Available data:
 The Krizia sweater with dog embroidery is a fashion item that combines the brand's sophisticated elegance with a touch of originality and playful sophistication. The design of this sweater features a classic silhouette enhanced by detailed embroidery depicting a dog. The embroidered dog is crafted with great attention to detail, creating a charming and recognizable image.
--
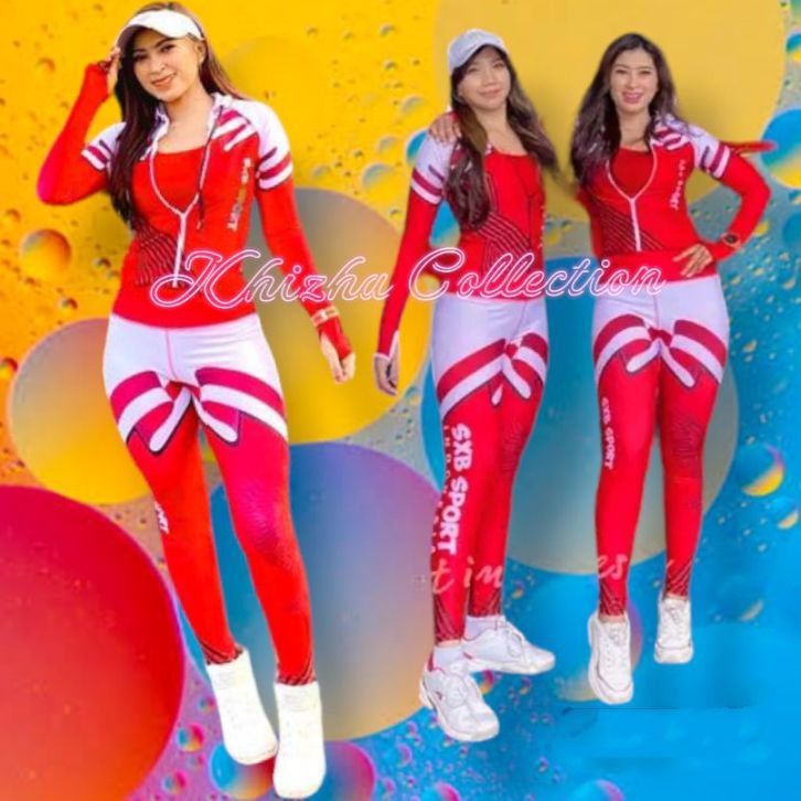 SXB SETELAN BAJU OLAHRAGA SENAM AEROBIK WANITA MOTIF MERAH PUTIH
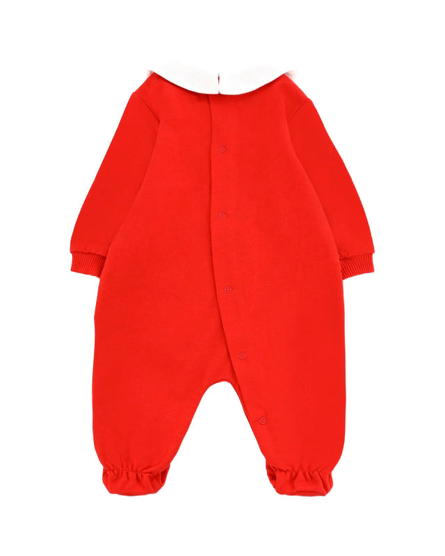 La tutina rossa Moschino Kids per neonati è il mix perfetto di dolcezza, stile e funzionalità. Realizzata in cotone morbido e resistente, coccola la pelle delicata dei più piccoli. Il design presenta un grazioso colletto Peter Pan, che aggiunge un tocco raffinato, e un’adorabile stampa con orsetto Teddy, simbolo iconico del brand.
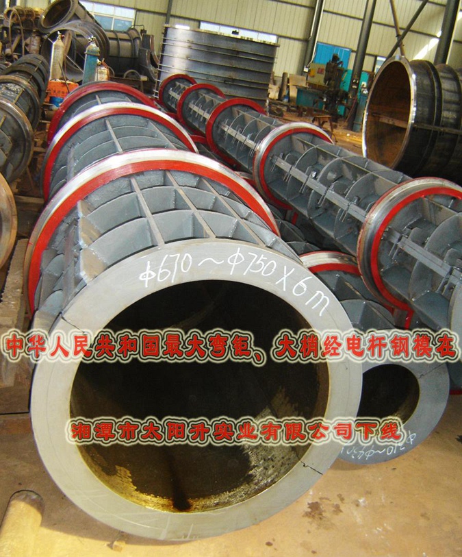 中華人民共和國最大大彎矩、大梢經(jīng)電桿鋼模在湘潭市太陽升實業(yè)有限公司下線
---
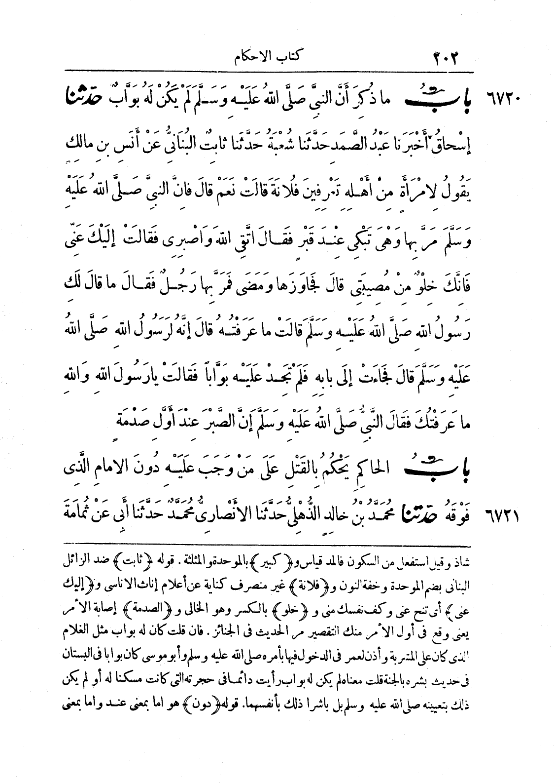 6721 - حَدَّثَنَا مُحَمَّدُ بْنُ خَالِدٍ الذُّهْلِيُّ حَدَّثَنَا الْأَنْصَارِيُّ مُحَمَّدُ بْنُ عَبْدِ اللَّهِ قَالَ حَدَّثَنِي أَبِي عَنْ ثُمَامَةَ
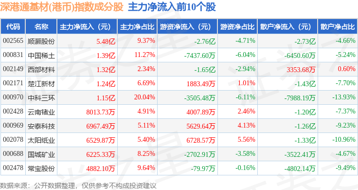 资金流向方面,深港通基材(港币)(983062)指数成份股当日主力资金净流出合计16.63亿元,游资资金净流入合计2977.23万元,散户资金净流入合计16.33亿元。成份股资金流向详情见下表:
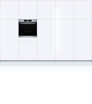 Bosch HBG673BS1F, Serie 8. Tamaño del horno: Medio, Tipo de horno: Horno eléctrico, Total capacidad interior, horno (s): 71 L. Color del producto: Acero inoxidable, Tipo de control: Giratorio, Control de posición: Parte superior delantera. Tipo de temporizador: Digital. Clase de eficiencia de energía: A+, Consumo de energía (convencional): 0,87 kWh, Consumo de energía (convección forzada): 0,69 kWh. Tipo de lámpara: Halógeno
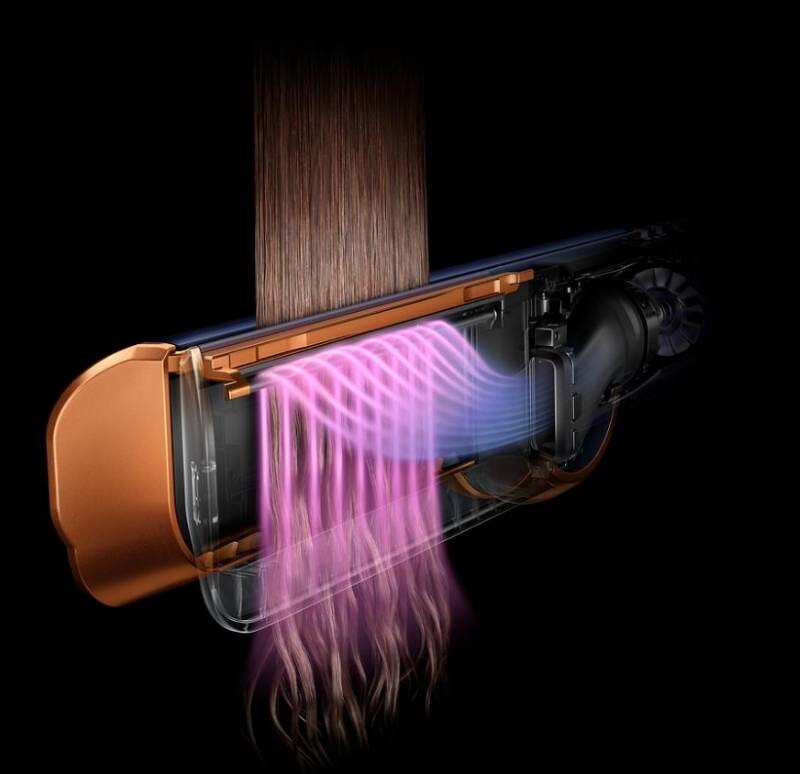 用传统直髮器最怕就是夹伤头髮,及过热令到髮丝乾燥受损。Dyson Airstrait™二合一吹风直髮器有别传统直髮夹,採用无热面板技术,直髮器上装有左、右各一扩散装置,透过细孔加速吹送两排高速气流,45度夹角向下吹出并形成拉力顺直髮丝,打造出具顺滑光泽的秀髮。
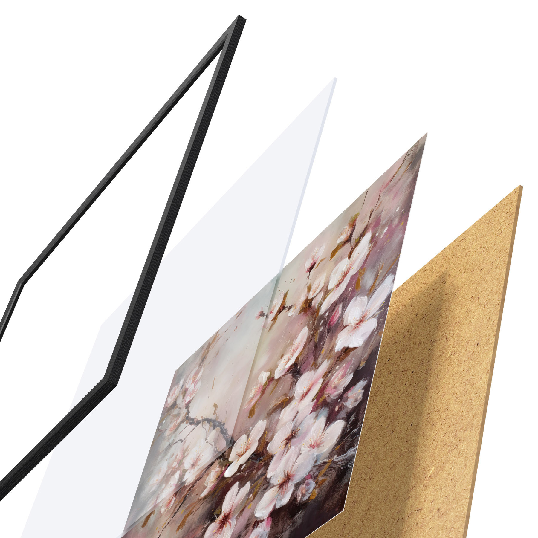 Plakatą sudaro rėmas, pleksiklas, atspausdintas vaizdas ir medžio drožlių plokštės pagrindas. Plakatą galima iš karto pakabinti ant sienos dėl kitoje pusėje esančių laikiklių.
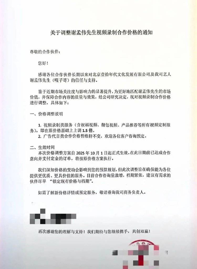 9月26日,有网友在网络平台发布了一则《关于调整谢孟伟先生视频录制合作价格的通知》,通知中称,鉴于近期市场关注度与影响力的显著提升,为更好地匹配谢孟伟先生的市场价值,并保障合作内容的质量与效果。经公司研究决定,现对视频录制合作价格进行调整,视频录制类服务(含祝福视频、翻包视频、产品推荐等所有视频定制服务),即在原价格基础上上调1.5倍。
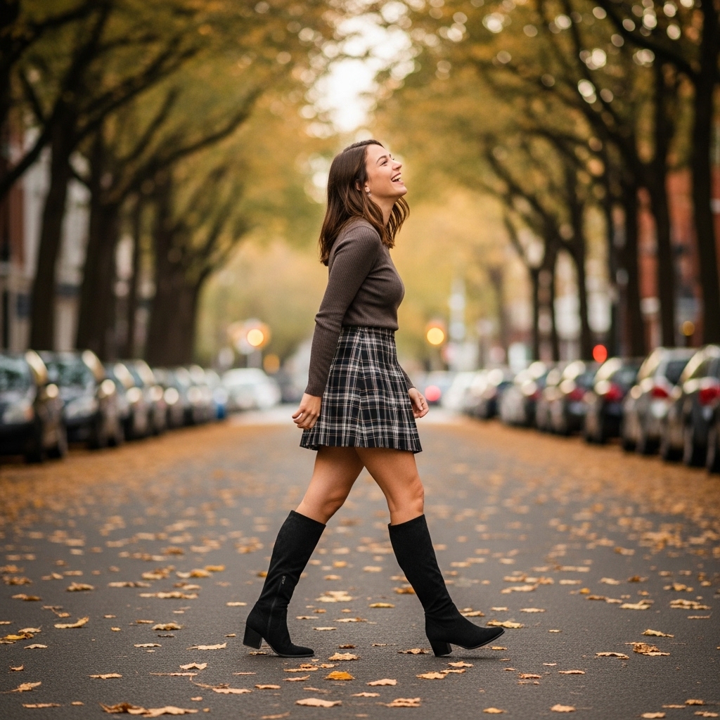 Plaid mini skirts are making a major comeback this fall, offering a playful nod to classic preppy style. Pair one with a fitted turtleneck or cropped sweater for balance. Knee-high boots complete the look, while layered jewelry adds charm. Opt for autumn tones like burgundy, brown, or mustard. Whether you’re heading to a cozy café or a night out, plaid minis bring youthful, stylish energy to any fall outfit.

Task instructions:
Out of the records above, set down only the lines from the one that contains "La tutina rossa Moschino" through the one that contains "中華人民共和國最大大彎矩、大", unchanged and without the pictures.

Response to the exercise:
 La tutina rossa Moschino Kids per neonati è il mix perfetto di dolcezza, stile e funzionalità. Realizzata in cotone morbido e resistente, coccola la pelle delicata dei più piccoli. Il design presenta un grazioso colletto Peter Pan, che aggiunge un tocco raffinato, e un’adorabile stampa con orsetto Teddy, simbolo iconico del brand.
 中華人民共和國最大大彎矩、大梢經(jīng)電桿鋼模在湘潭市太陽升實業(yè)有限公司下線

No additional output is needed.